Description:In the following description, for the purposes of explanation, various specific details are set forth in order to provide a thorough understanding of embodiments of the present disclosure. It will be apparent, however, that embodiments of the present disclosure may be practiced without these specific details. Several features described hereafter can each be used independently of one another or with any combination of other features. An individual feature may not address all of the problems discussed above or might address only some of the problems discussed above. Some of the problems discussed above might not be fully addressed by any of the features described herein.

The ensuing description provides exemplary embodiments only and is not intended to limit the scope, applicability, or configuration of the disclosure. Rather, the ensuing description of the exemplary embodiments will provide those skilled in the art with an enabling description for implementing an exemplary embodiment. It should be understood that various changes may be made in the function and arrangement of elements without departing from the spirit and scope of the disclosure as set forth.

Specific details are given in the following description to provide a thorough understanding of the embodiments. However, it will be understood by one of ordinary skill in the art that the embodiments may be practiced without these specific details. For example, circuits, systems, networks, processes, and other components may be shown as components in block diagram form in order not to obscure the embodiments in unnecessary detail. In other instances, well-known circuits, processes, algorithms, structures, and techniques may be shown without unnecessary detail to avoid obscuring the embodiments.

Also, it is noted that individual embodiments may be described as a process that is depicted as a flowchart, a flow diagram, a data flow diagram, a structure diagram, or a block diagram. Although a flowchart may describe the operations as a sequential process, many of the operations can be performed in parallel or concurrently. In addition, the order of the operations may be re-arranged. A process is terminated when its operations are completed but could have additional steps not included in a figure. A process may correspond to a method, a function, a procedure, a subroutine, a subprogram, etc. When a process corresponds to a function, its termination can correspond to a return of the function to the calling function or the main function.

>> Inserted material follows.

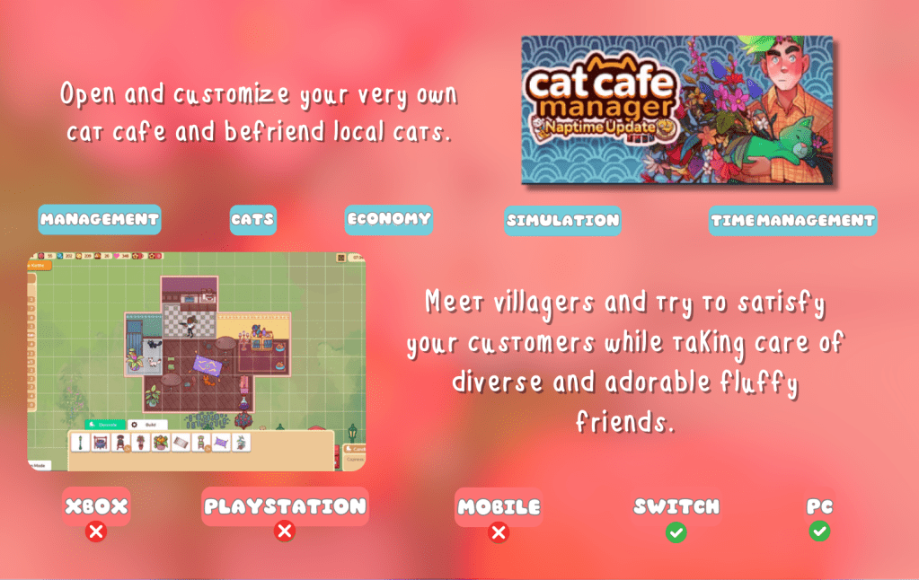 Keywords: Simulation, management, strategy, cats, cozy, wholesome, cartoony, colorful, capitalism, drama, time management, trading

The word "exemplary" and/or "demonstrative" is used herein to mean serving as an example, instance, or illustration. For the avoidance of doubt, the subject matter disclosed herein is not limited by such examples. In addition, any aspect or design described herein as "exemplary" and/or "demonstrative" is not necessarily to be construed as preferred or advantageous over other aspects or designs, nor is it meant to preclude equivalent exemplary structures and techniques known to those of ordinary skill in the art. Furthermore, to the extent that the terms "includes," "has," "contains," and other similar words are used in either the detailed description or the claims, such terms are intended to be inclusive in a manner similar to the term "comprising" as an open transition word without precluding any additional or other elements.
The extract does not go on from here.